__Task requirements__
Of the material below, the lines to be retyped are those from the line containing "The site of" through the line containing "Map of French", inclusive; reproduce them exactly.

__Data for processing__
▬▬▬▬▬▬▬▬▬▬
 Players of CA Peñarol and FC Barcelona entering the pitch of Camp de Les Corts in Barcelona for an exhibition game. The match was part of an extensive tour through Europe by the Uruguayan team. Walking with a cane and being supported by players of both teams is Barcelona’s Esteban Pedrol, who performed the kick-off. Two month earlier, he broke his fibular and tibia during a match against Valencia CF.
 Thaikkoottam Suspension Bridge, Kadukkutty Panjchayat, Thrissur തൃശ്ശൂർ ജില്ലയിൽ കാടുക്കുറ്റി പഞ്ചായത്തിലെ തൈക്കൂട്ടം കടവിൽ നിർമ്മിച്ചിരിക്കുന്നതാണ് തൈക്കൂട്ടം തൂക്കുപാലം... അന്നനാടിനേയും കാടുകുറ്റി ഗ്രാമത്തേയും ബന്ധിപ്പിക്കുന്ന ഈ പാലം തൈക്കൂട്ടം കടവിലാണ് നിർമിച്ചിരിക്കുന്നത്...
▬▬▬▬▬▬▬▬▬▬
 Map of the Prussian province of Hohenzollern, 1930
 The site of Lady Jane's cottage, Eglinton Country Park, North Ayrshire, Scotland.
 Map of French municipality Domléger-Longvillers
▬▬▬▬▬▬▬▬▬▬
__Answer to this exercise__
 The site of Lady Jane's cottage, Eglinton Country Park, North Ayrshire, Scotland.
 Map of French municipality Domléger-Longvillers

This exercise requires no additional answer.